**Instructions for the task**
Could you give back every record below exactly, leaving out the pictures?

»»

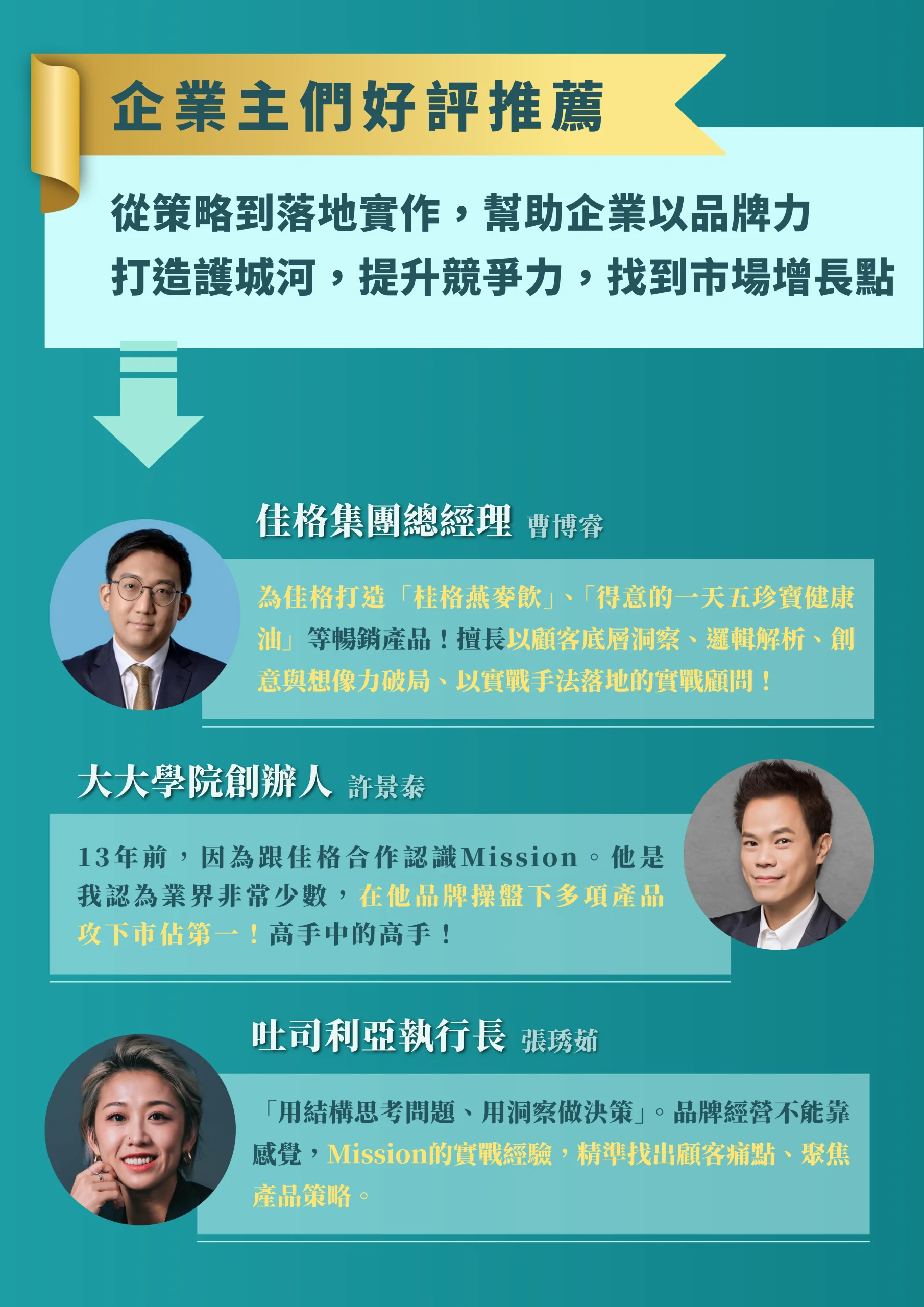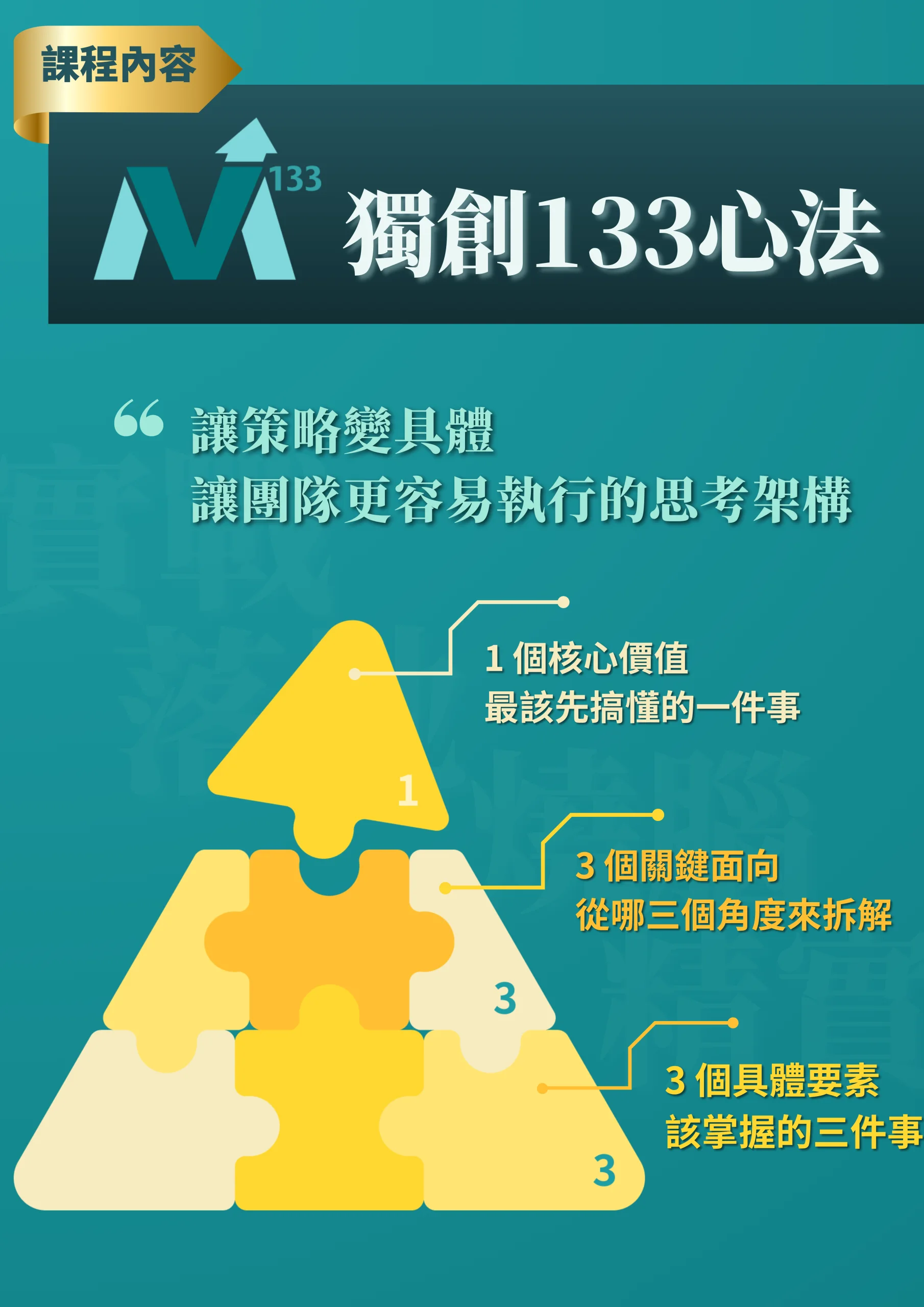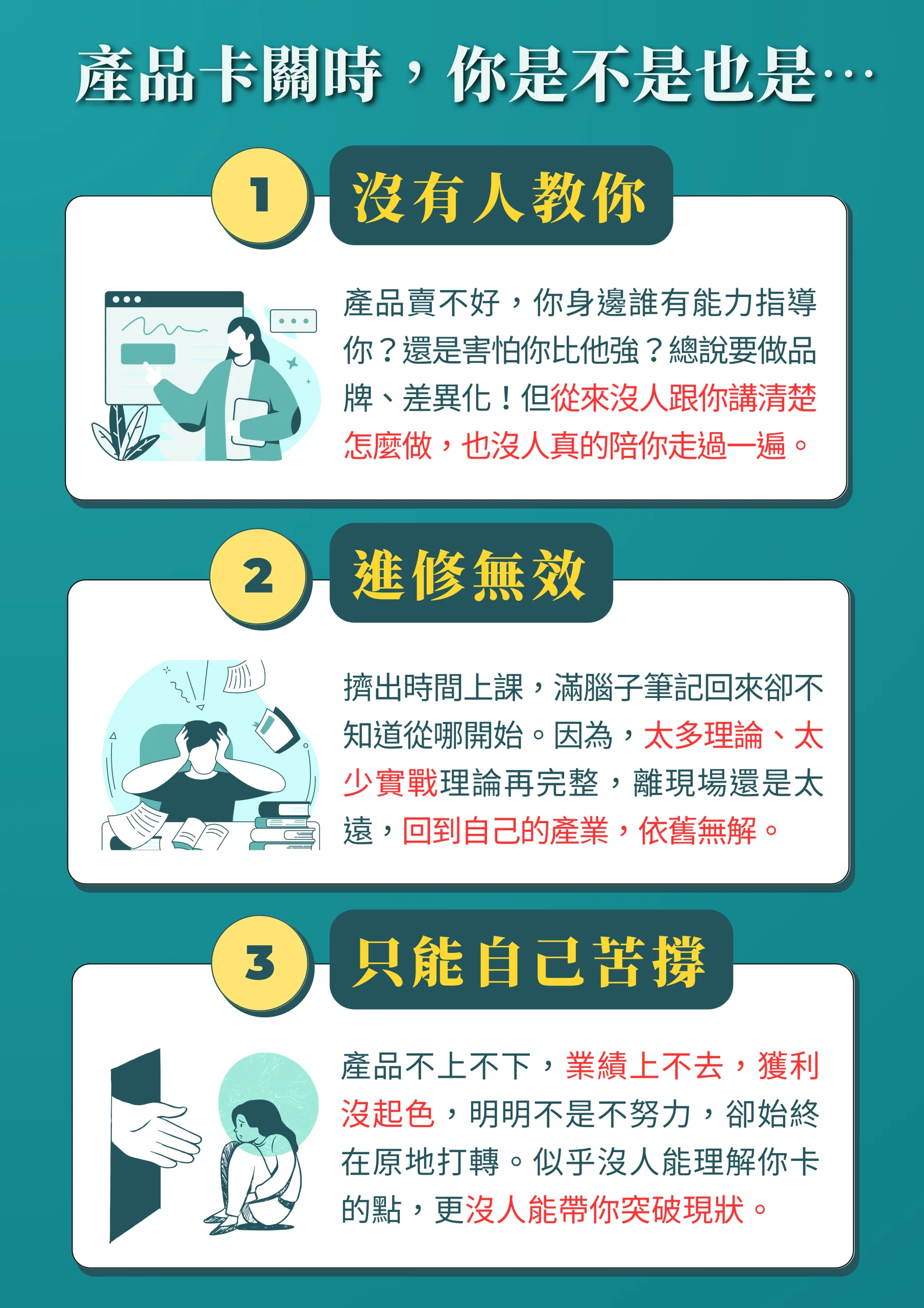 在外面上了一堆課程,結果只學到沒用的商業理論嗎?Mission 顧問開出價值百萬元實戰課程,以21年的實戰經驗為基底,將獨門心法系統化配合案例分析、討論燒腦,帶你建立起打造暢銷產品所需要的關鍵思維,不管你是中小企業主還是產品經理,這門課將帶你了解產品流程、方法和實作技巧,看市場銷售冠軍如何思考與佈局,培養「從單點到全局」的產品思考視野
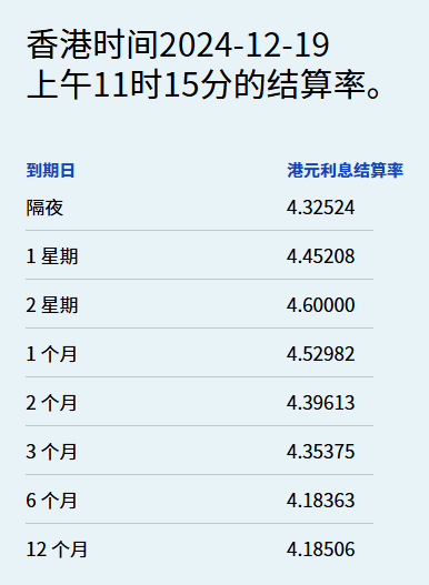 智通财经APP获悉,12月19日,港元拆息几乎全线上升,其中,隔夜息升约3基点至4.32524%,续创近三周新高,而与楼按相关的一个月拆息亦连升四天,报4.52982%,为10月8日以来最高。不过,两个月拆息微跌至4.39613%。
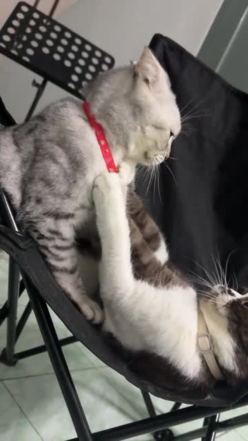 Footage shows the felines lightly punching each other on the faces with their paws in Ratchaburi province, Thailand on August 5.
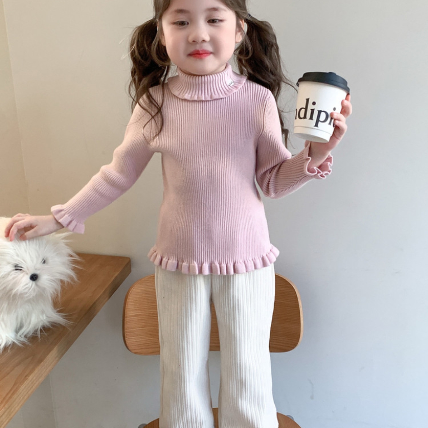 女童打底衫2025新款洋气高领加绒加厚保暖针织套头毛衣木耳边好看
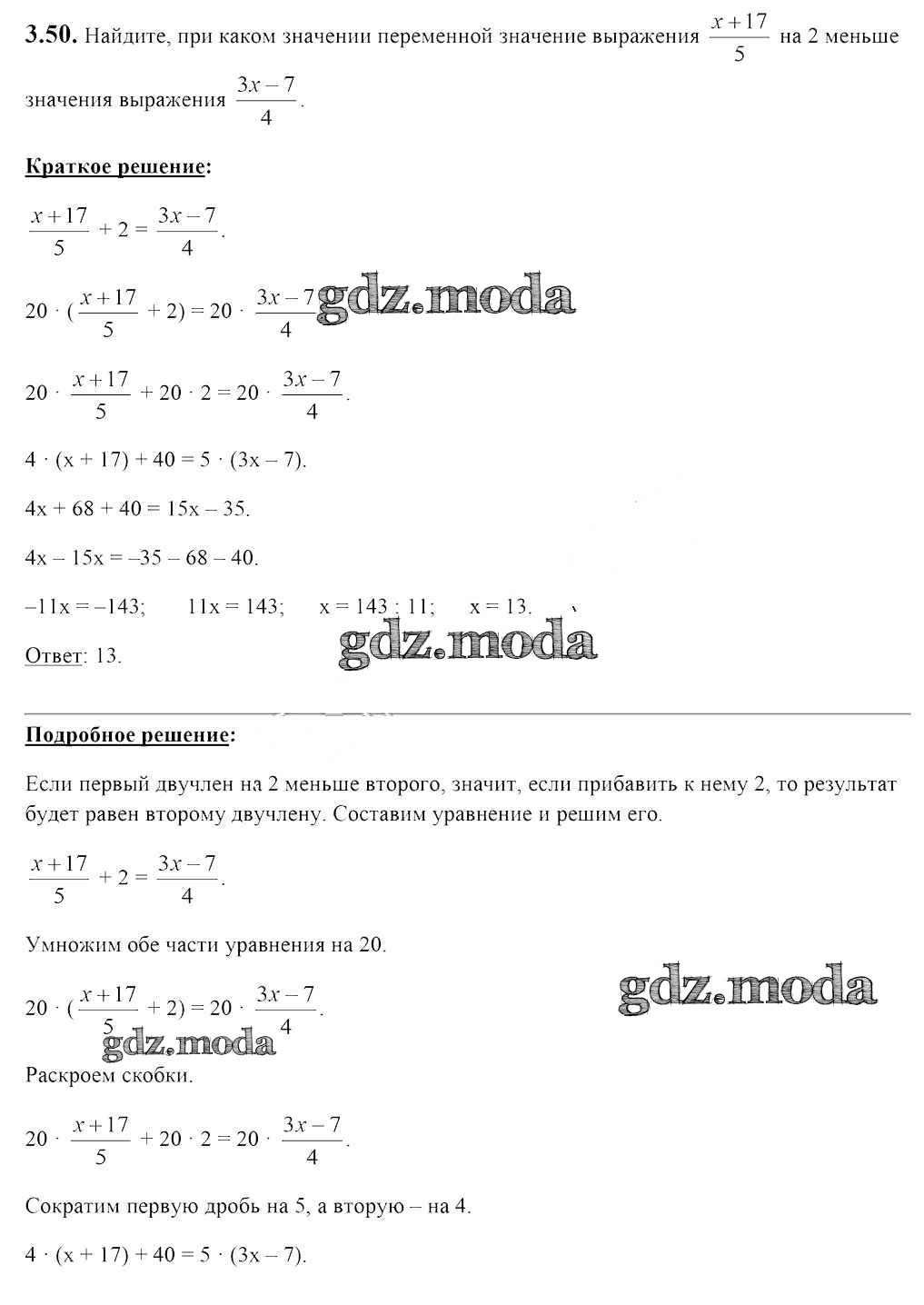ОТВЕТ на задание № 3.50 Учебник по Алгебре 7 класс Арефьева
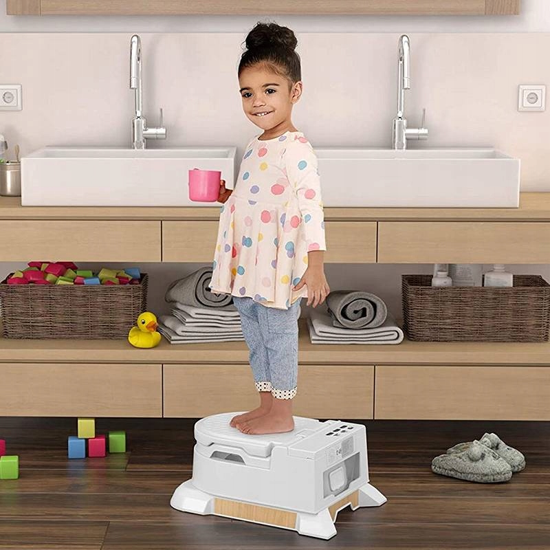 Когда ребенок подрастет, горшок Fisher Price Home Decor 4в1 станет стулом, на котором малыш сможет встать, чтобы дотянуться до раковины или полки.
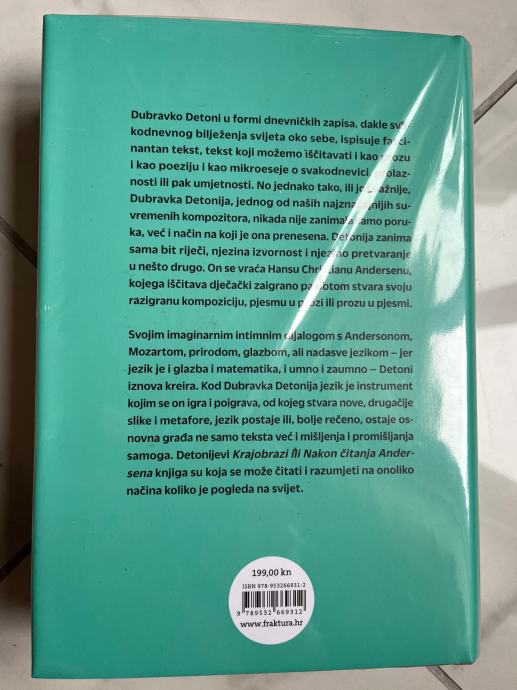 Dubravko Detoni u formi dnevničkih zapisa, dakle svakodnevnog bilježenja svijeta oko sebe, ispisuje fascinantan tekst, tekst koji možemo iščitavati i kao prozu i kao poeziju i kao mikroeseje o svakodnevici, prolaznosti ili pak umjetnosti. No jednako tako, ili još važnije, Dubravka Detonija, jednog od naših najznačajnijih suvremenih kompozitora, nikada nije zanimala samo poruka, već i način na koji je ona prenesena. Detonija zanima sama bit riječi, njezina izvornost i njezino pretvaranje u nešto drugo. On se vraća Hansu Christianu Andersenu, kojega iščitava dječački zaigrano pa potom stvara svoju razigranu kompoziciju, pjesmu u prozi ili prozu u pjesmi. Svojim imaginarnim intimnim dijalogom s Andersonom, Mozartom, prirodom, glazbom, ali nadasve jezikom – jer jezik je i glazba i matematika, i umno i zaumno – Detoni iznova kreira. Kod Dubravka Detonija jezik je instrument kojim se on igra i poigrava, od kojeg stvara nove, drugačije slike i metafore, jezik postaje ili, bolje rečeno, ostaje osnovna građa ne samo teksta već i mišljenja i promišljanja samoga.
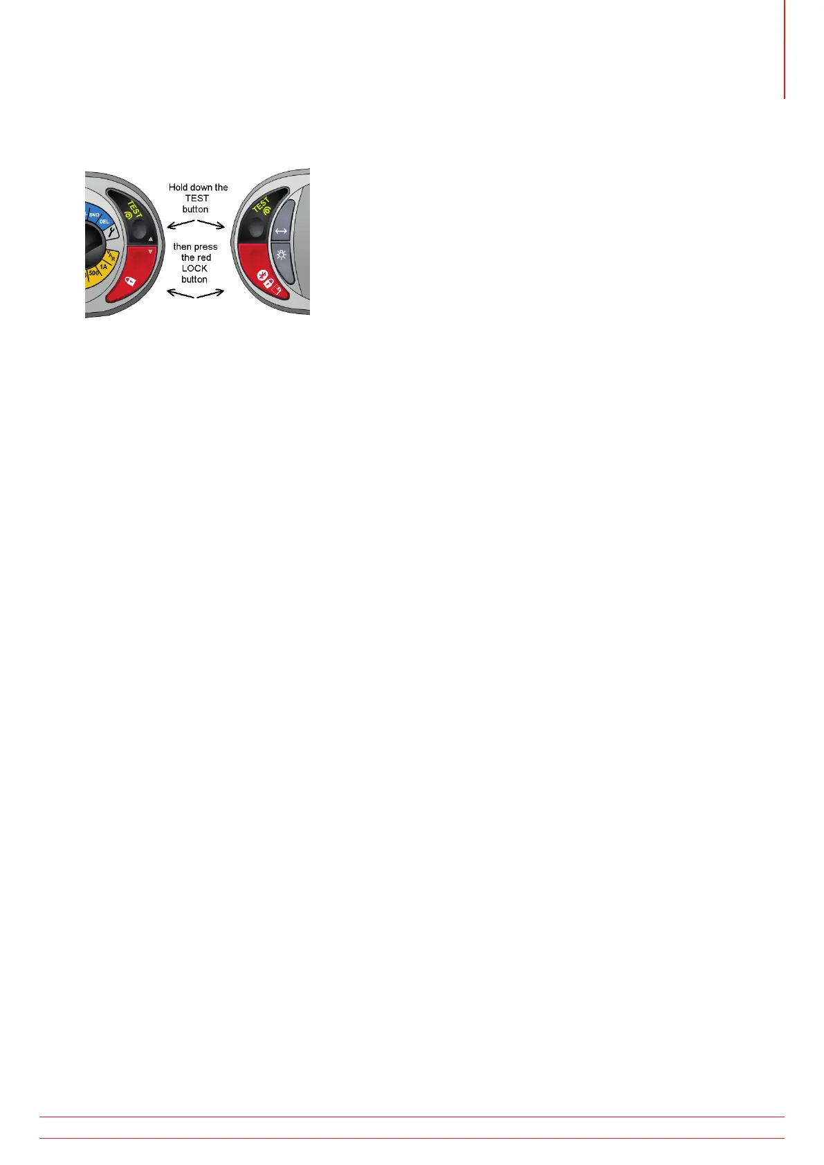 To lock an insulation test ON, hold down either of the TEST buttons followed by either of the RED LOCK buttons.

««

**Exercise output**
 在外面上了一堆課程,結果只學到沒用的商業理論嗎?Mission 顧問開出價值百萬元實戰課程,以21年的實戰經驗為基底,將獨門心法系統化配合案例分析、討論燒腦,帶你建立起打造暢銷產品所需要的關鍵思維,不管你是中小企業主還是產品經理,這門課將帶你了解產品流程、方法和實作技巧,看市場銷售冠軍如何思考與佈局,培養「從單點到全局」的產品思考視野
 智通财经APP获悉,12月19日,港元拆息几乎全线上升,其中,隔夜息升约3基点至4.32524%,续创近三周新高,而与楼按相关的一个月拆息亦连升四天,报4.52982%,为10月8日以来最高。不过,两个月拆息微跌至4.39613%。
 Footage shows the felines lightly punching each other on the faces with their paws in Ratchaburi province, Thailand on August 5.
 女童打底衫2025新款洋气高领加绒加厚保暖针织套头毛衣木耳边好看
ОТВЕТ на задание № 3.50 Учебник по Алгебре 7 класс Арефьева
 Когда ребенок подрастет, горшок Fisher Price Home Decor 4в1 станет стулом, на котором малыш сможет встать, чтобы дотянуться до раковины или полки.
 Dubravko Detoni u formi dnevničkih zapisa, dakle svakodnevnog bilježenja svijeta oko sebe, ispisuje fascinantan tekst, tekst koji možemo iščitavati i kao prozu i kao poeziju i kao mikroeseje o svakodnevici, prolaznosti ili pak umjetnosti. No jednako tako, ili još važnije, Dubravka Detonija, jednog od naših najznačajnijih suvremenih kompozitora, nikada nije zanimala samo poruka, već i način na koji je ona prenesena. Detonija zanima sama bit riječi, njezina izvornost i njezino pretvaranje u nešto drugo. On se vraća Hansu Christianu Andersenu, kojega iščitava dječački zaigrano pa potom stvara svoju razigranu kompoziciju, pjesmu u prozi ili prozu u pjesmi. Svojim imaginarnim intimnim dijalogom s Andersonom, Mozartom, prirodom, glazbom, ali nadasve jezikom – jer jezik je i glazba i matematika, i umno i zaumno – Detoni iznova kreira. Kod Dubravka Detonija jezik je instrument kojim se on igra i poigrava, od kojeg stvara nove, drugačije slike i metafore, jezik postaje ili, bolje rečeno, ostaje osnovna građa ne samo teksta već i mišljenja i promišljanja samoga.
 To lock an insulation test ON, hold down either of the TEST buttons followed by either of the RED LOCK buttons.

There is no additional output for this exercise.